Set in the sixth century amid the political chaos into which Britain was plunged after the fall of the Roman Empire, Camelot is squarely situated in the Middle Ages - with all its darkness, death, and disease.
Executed with an impressive cinematic sweep and a brilliant cast, which includes Eva Green, James Purefoy, and Claire Forlani, Camelot takes a lesson from Syfy's BBC-produced family show, Merlin, by focusing on the infancy of the Camelot legend.
It opens with the murder of King Uther by his wayward daughter, Morgan (Green in an exquisitely sinful, lusty note). Banished from the realm as a child, she usurps the throne with the help of Uther's enemy, King Lot (played with delicious bloodlust by Rome's Purefoy).
Merlin derails her plot by plucking Uther's long-lost son, Arthur (a very pretty Jamie Campbell Bower), from his adopted home and installing him on the throne.
Fiennes says his Merlin isn't a wizened philosopher, but a "warrior-monk" who has no scruples about manipulating Arthur.
"He's sort of of a Machiavellian operator," Fiennes, 40, says from his home in Spain.
"I tried to make him a political thug who uses his acerbic wit and his guile" to achieve his political ends.
"I wouldn't be surprised if Merlin didn't have 17 other young kings waiting in the wings . . . in case Arthur doesn't work out."
Chibnall hopes the character resonates with today's viewers, living, as we do, "in the age of spin doctors, advisers, and special counsels."
Camelot's naturalism extends to its handling of magic, which is presented as an outgrowth of pagan religious rites. Morgan and Merlin's magic, Chibnall says, "is born from the elements. It's created from the forces of earth and water, wind and fire."
Magic here also is a dangerous proposition, Fiennes adds. It's a dark art that can take over and imprison the magician.
"It's rather like a horrific Class-A drug that you get hooked on," says Fiennes. "It has a . . . spiritual cost."
Merlin hides his magic, while his nemesis, Morgan, uses hers. In an early scene, Fiennes is kidnapped by Morgan and chained to her bed. Unmoved by her threats, he tries to reason with her, begging her to save herself from magic's dark hold.
The sorcerers' encounter is oddly erotic, but Fiennes insists that his Merlin "is more asexual than anything."
The same can't be said of Arthur - or his adulterous lover Guinevere, played by Tamsin Egerton. Sex scenes abound.
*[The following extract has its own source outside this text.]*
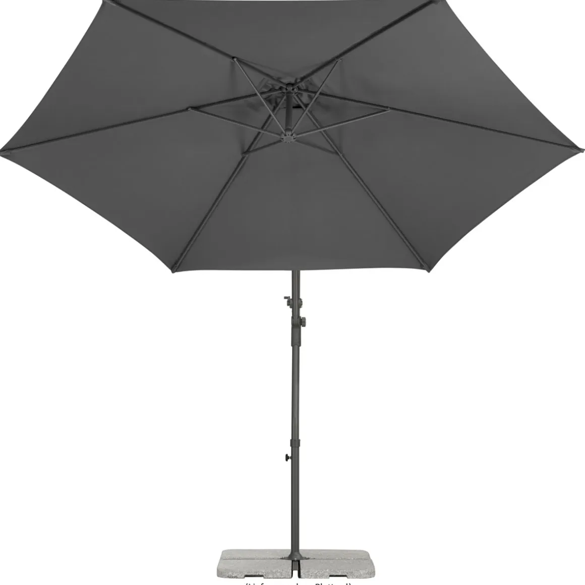Mit dem Schneider Schirme Sonnenschirm Genua holen Sie sich den perfekten Schattenspender auf Ihre Terrasse. Der Ampelschirm mit einem Durchmesser von 300 cm und einer Höhe von 255 cm bietet ausreichend Platz für Sie und Ihre Gäste. Das anthrazitfarbene Design passt zu jeder Einrichtung und schafft eine angenehme Atmosphäre.

Some critics suggest there's too much of it about.
"Guinevere is a torn woman," says Egerton, who was 11 when she played Morgan in the Arthurian film The Mists of Avalon. "She's betrothed to her childhood sweetheart and wants to be a good wife. . . . But unfortunately - or fortunately - she falls head over heels in love and in lust with Arthur."
Egerton, 22, says she never felt the sex scenes in Camelot were gratuitous. "Sexuality is a big part of the Arthurian legends," she says. Guinevere "pays for her mistake."
Chibnall is riled at the idea that Camelot sensationalizes sex at the cost of story.
"This is a story predicated on sex. Let's be honest about that," he says. For one thing, he explains, Arthur was conceived when Uther raped Queen Igraine (Forlani) while disguised as her husband.
Chibnall says the show tries to show how sex always has been used as a tool of power.
Power, and its dangers, is the overriding theme of the Starz show, says Chibnall, who adds he was deeply inspired by the political elements in Thomas Malory's 15th-century masterpiece, Le Morte d'Arthur.
Malory, Fiennes notes, wrote his cycle of stories while he was a political prisoner. The book "is his critique of the foundations of power," the actor says, "of how power can be used in the name of good."
Merlin, Fiennes says, is in a precarious position: He's a ruthless power broker, yet he works to realize "a new vision of chivalry and justice."
Adds Fiennes, "At the core of everything stands the threat of corruption."
This more than anything is the enduring legacy of the Arthurian myths - the hope that a just society can be realized. "Every leader promises hope," Chibnall says.
"It's such an abstract promise and such a wonderful, powerful promise. But how to you deliver it? That is the question."